Collection entries:
--

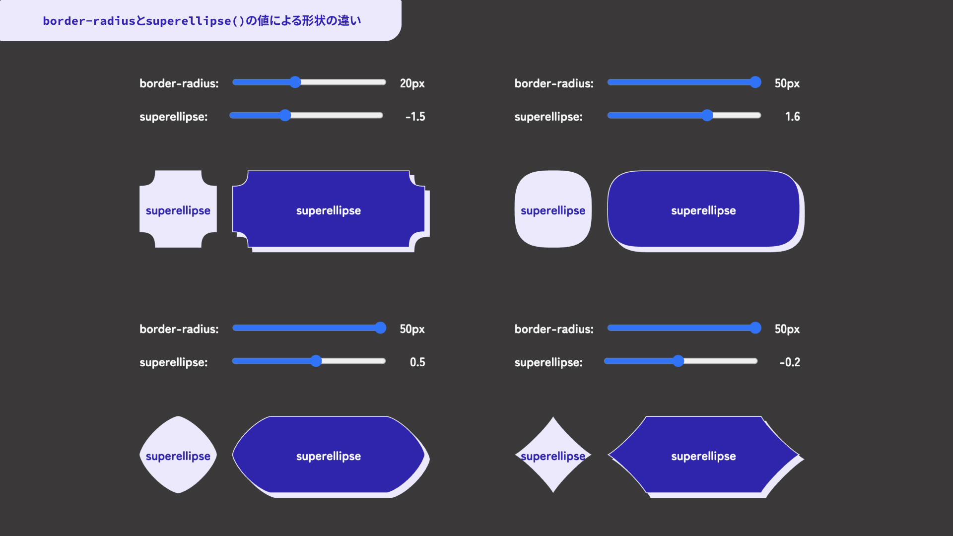 以下のデモでは、border-radiusプロパティの値とあわせて、superellipse()の引数もスライダーで変更できます。
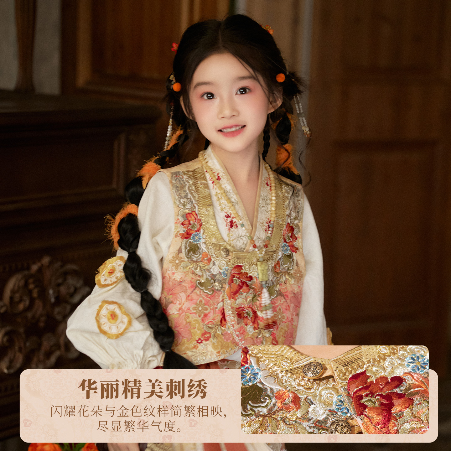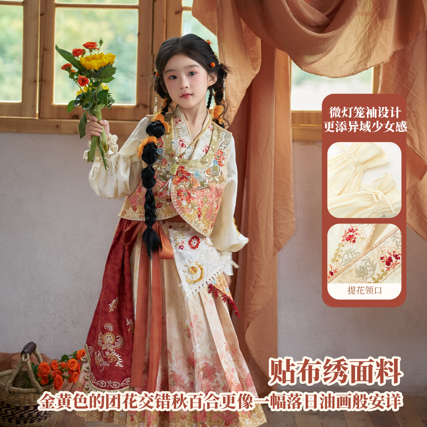 新款 十三余童装 秋季 国风汉服女童刺绣外套半裙套装 漫野知秋
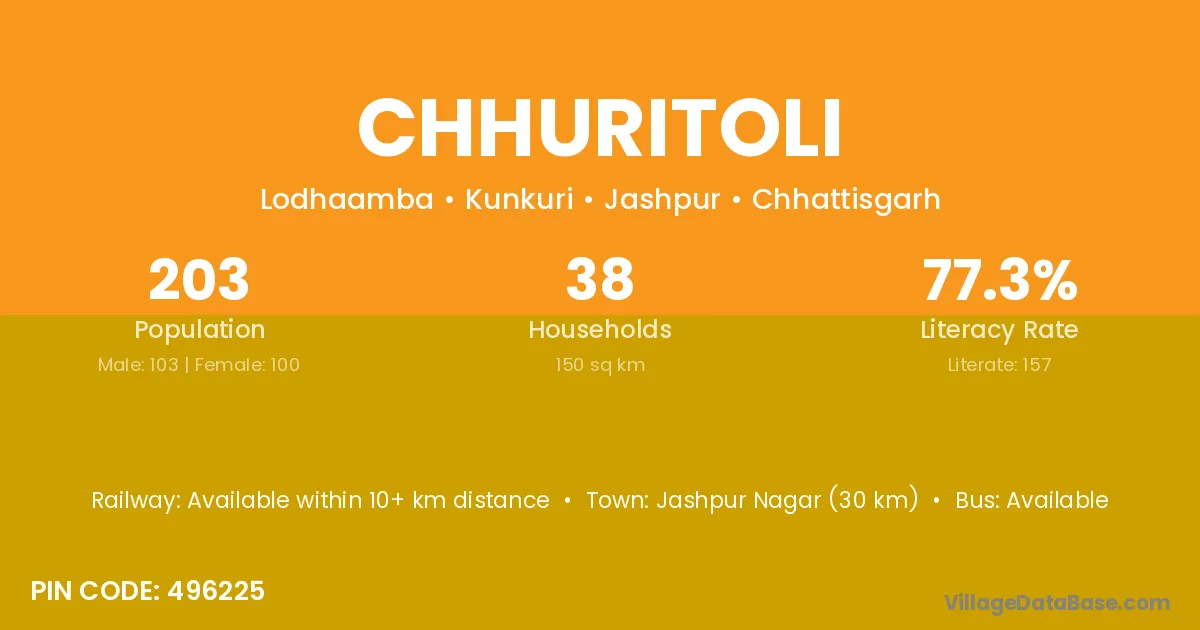 Jashpur Nagar (30 km) is the nearest town to Chhuritoli village for major economic activities and is located approximately 30 km away.
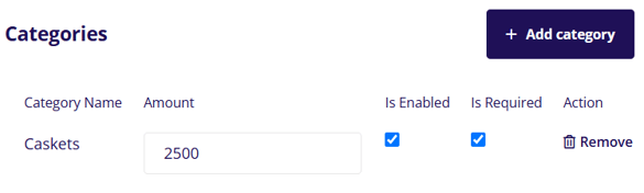 The categories section is where you can add a category of item to be added as part of the package. To add a category click the add category button. A drop down menu will show that contains the different categories that you have available in your merchandise page. Once you add a category, you will have the option to set the amount for that category and you can toggle if this category will be enabled or required on this package.
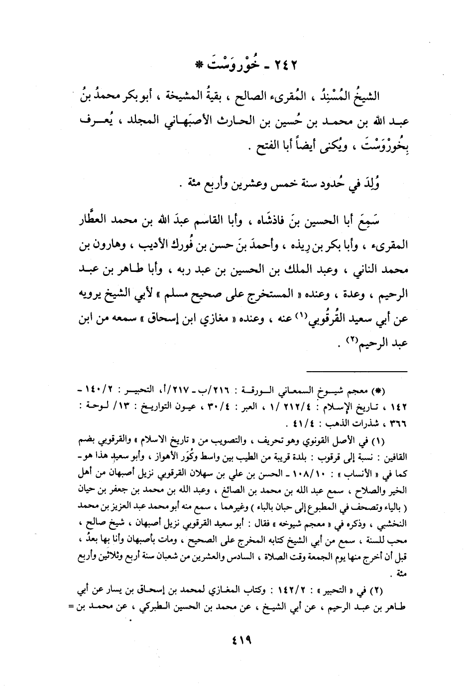 242 - خُوْروَسْتَ أَبُو بَكْرٍ مُحَمَّدُ بنُ عَبْدِ اللهِ بنِ مُحَمَّدٍ *
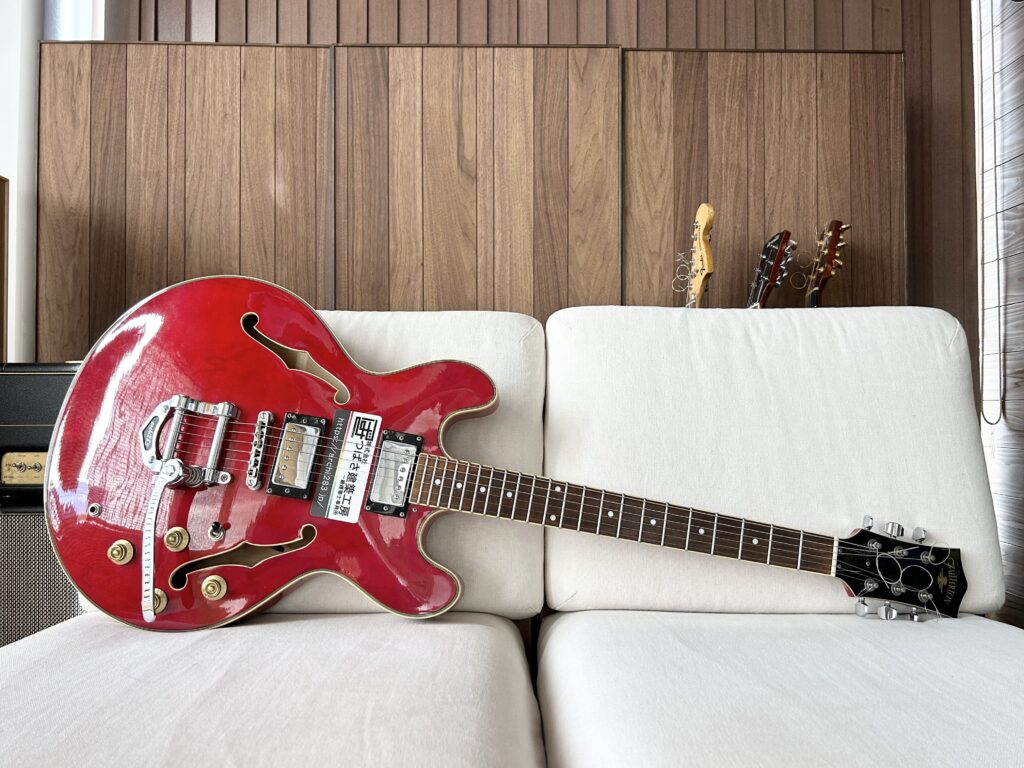 どうせいくらも弾かないからGibsonじゃなくて良い、安い物で良いからチェリーレッドの335無いかなぁと探していた時に某オクで見つけたのがこちら。
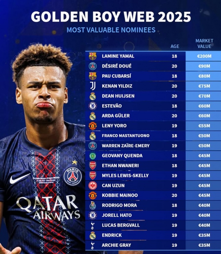 10月29日讯 金童奖在本月已经公布了候选名单,《转会市场》也统计了今年候选者的身价情况,亚马尔无悬念居首。
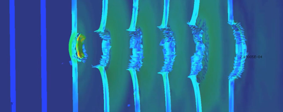 Eine der vielseitigsten Funktionen des Kontakterkennungs-Algorithmus besteht darin, dass die Flächen des Modells bei Materialerosion automatisch neu aufgebaut werden und neue Flächen aufgrund der Elementlöschung freigelegt werden. Abbildung 2 zeigt die Simulation eines Vogelschlags bei einer Turbine.
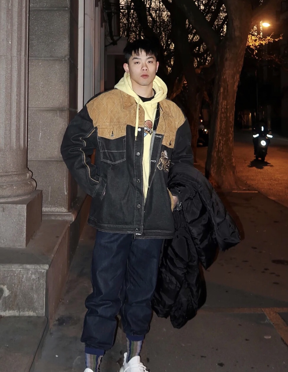 穿大件的衣服真的很显头小,不要担心衣服会臃肿,看整体搭配穿出范就行。深灰色牛仔外套搭配蓝色束脚牛仔裤,复古美式的感觉就出来了。
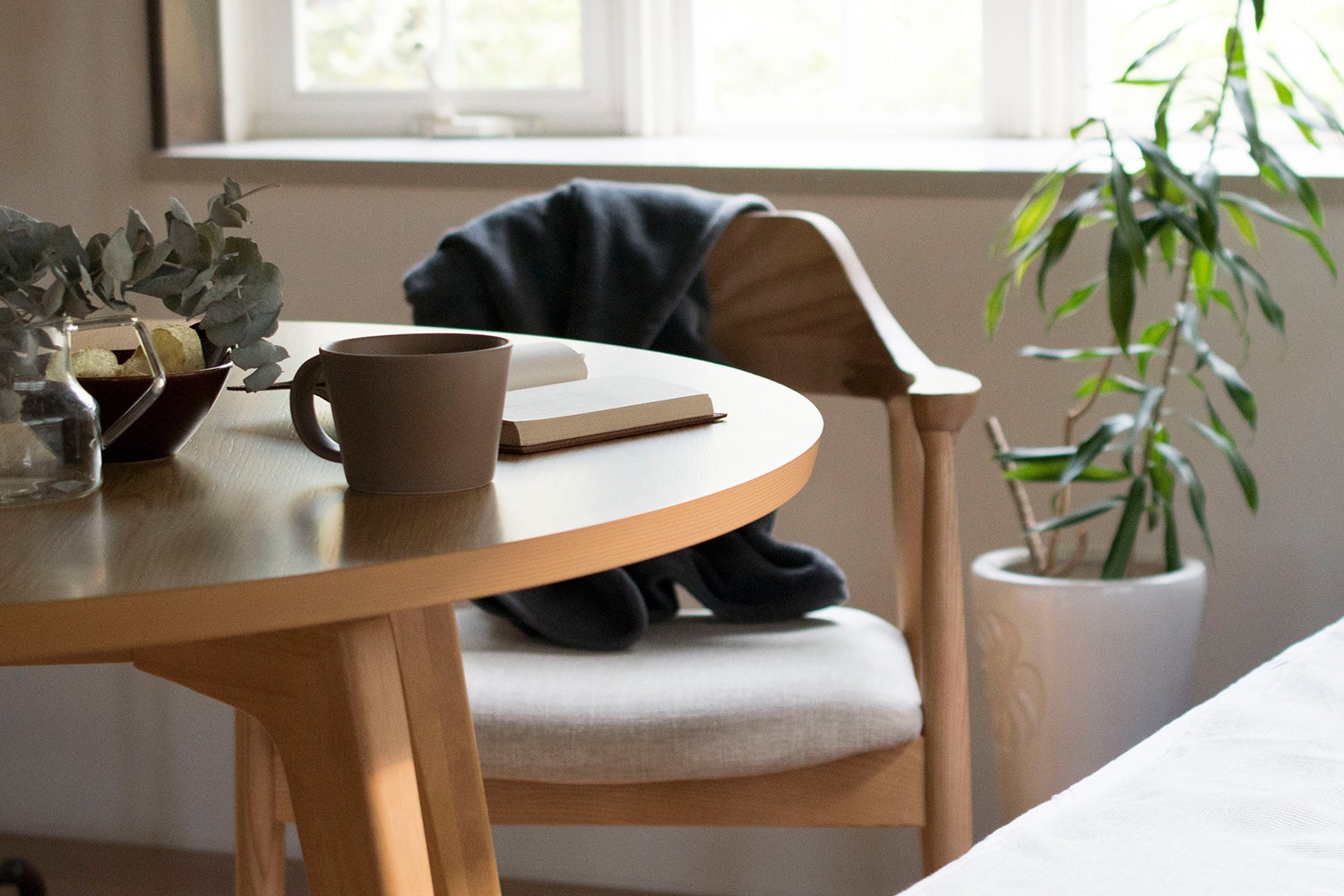 柄やプリントが表にない単色のシンプルなマグカップ。
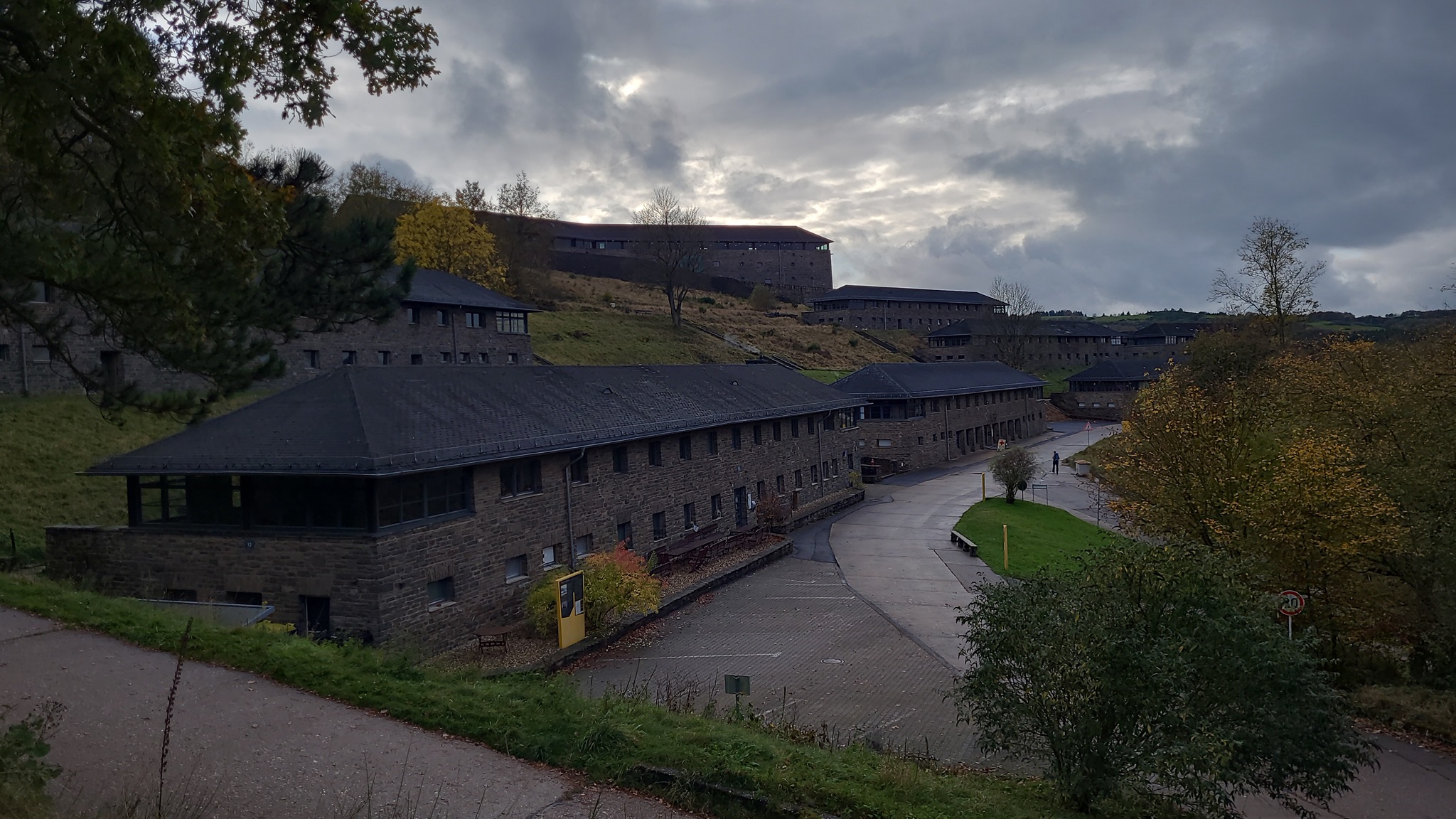 Nachdem wir auf dem Rückweg zum Schluss wieder den steilen Berg hinauf müssen, drehen wir noch eine bewusste Runde über das Gelände dieser ehemaligen Ausbildungs- und Kaderschmiede des 3. Reiches.
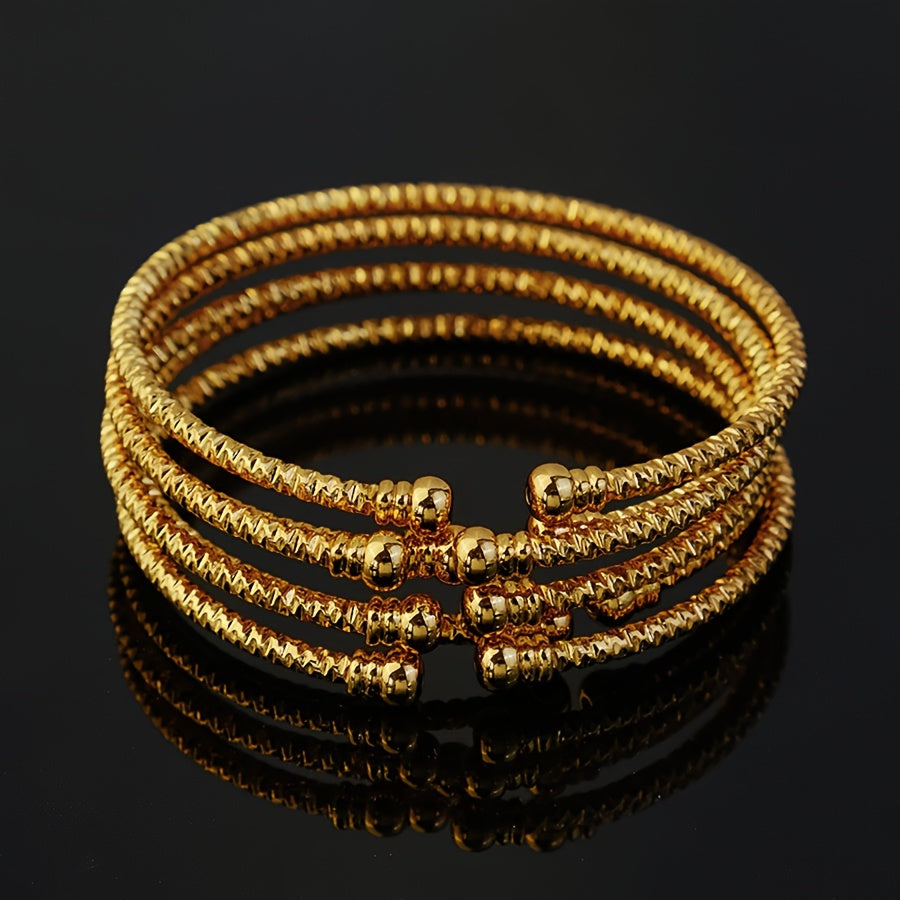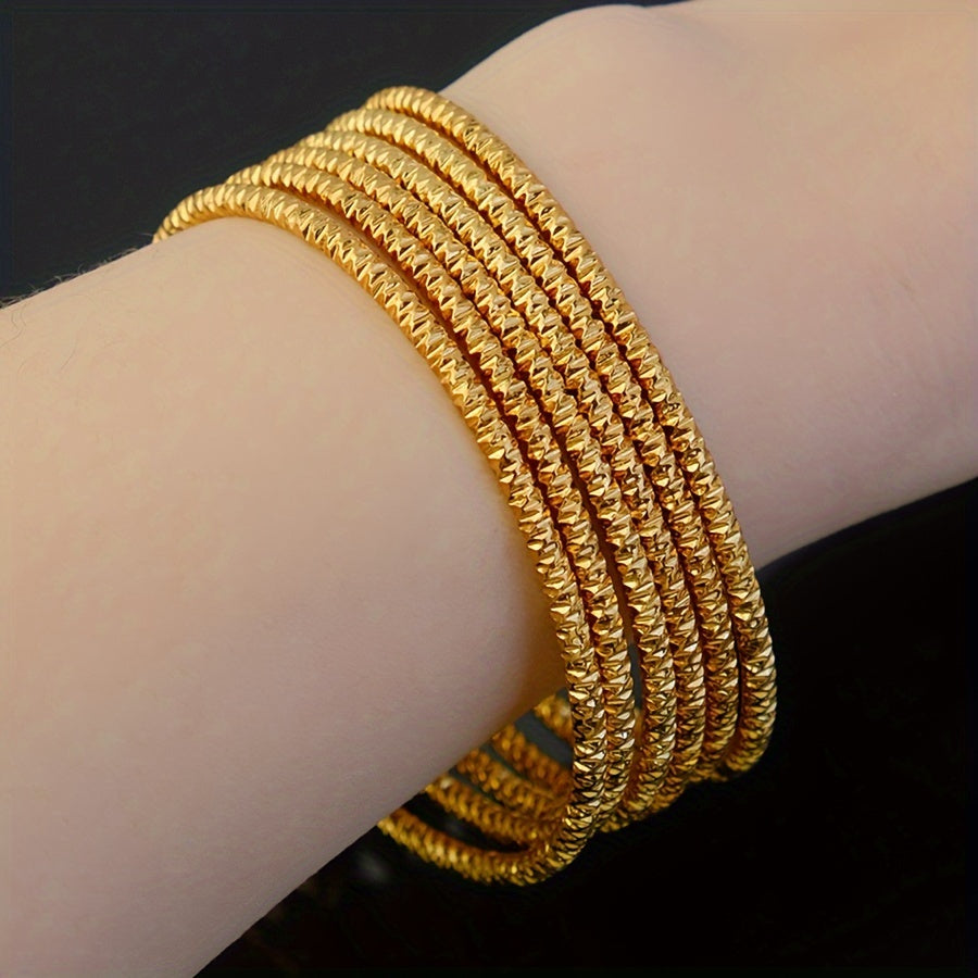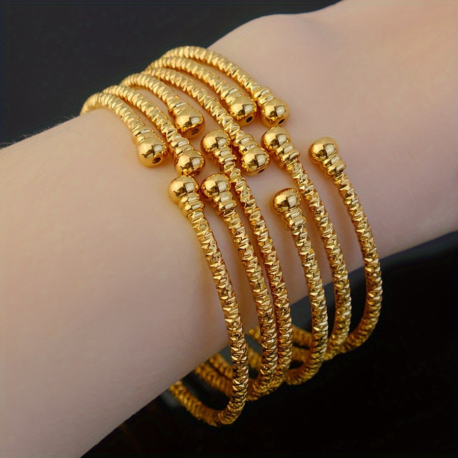 Браслет с двойными бусинами в восточном стиле - 6 штук, классические золотые свадебные украшения из Дубая, идеальный арабский подарок для женщин - отлично подходит для вечеринок и повседневной носки
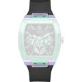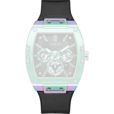Ce bracelet de montre Guessest fait de silicone et est attaché à la montre au moyen de Épingles à ressort. Le bracelet a une taille de 27.5 mm et se ferme au moyen d'un boucle. Le bracelet n'a pas de support droit, ce qui signifie que ce bracelet convient uniquement aux montres énumérées ci-dessous.

--

Could you copy, exactly and with no pictures, each line from the first one above to the line holding "Браслет с двойными"?

 以下のデモでは、border-radiusプロパティの値とあわせて、superellipse()の引数もスライダーで変更できます。
 新款 十三余童装 秋季 国风汉服女童刺绣外套半裙套装 漫野知秋
 Jashpur Nagar (30 km) is the nearest town to Chhuritoli village for major economic activities and is located approximately 30 km away.
 The categories section is where you can add a category of item to be added as part of the package. To add a category click the add category button. A drop down menu will show that contains the different categories that you have available in your merchandise page. Once you add a category, you will have the option to set the amount for that category and you can toggle if this category will be enabled or required on this package.
 242 - خُوْروَسْتَ أَبُو بَكْرٍ مُحَمَّدُ بنُ عَبْدِ اللهِ بنِ مُحَمَّدٍ *
 どうせいくらも弾かないからGibsonじゃなくて良い、安い物で良いからチェリーレッドの335無いかなぁと探していた時に某オクで見つけたのがこちら。
 10月29日讯 金童奖在本月已经公布了候选名单,《转会市场》也统计了今年候选者的身价情况,亚马尔无悬念居首。
 Eine der vielseitigsten Funktionen des Kontakterkennungs-Algorithmus besteht darin, dass die Flächen des Modells bei Materialerosion automatisch neu aufgebaut werden und neue Flächen aufgrund der Elementlöschung freigelegt werden. Abbildung 2 zeigt die Simulation eines Vogelschlags bei einer Turbine.
 穿大件的衣服真的很显头小,不要担心衣服会臃肿,看整体搭配穿出范就行。深灰色牛仔外套搭配蓝色束脚牛仔裤,复古美式的感觉就出来了。
 柄やプリントが表にない単色のシンプルなマグカップ。
 Nachdem wir auf dem Rückweg zum Schluss wieder den steilen Berg hinauf müssen, drehen wir noch eine bewusste Runde über das Gelände dieser ehemaligen Ausbildungs- und Kaderschmiede des 3. Reiches.
 Браслет с двойными бусинами в восточном стиле - 6 штук, классические золотые свадебные украшения из Дубая, идеальный арабский подарок для женщин - отлично подходит для вечеринок и повседневной носки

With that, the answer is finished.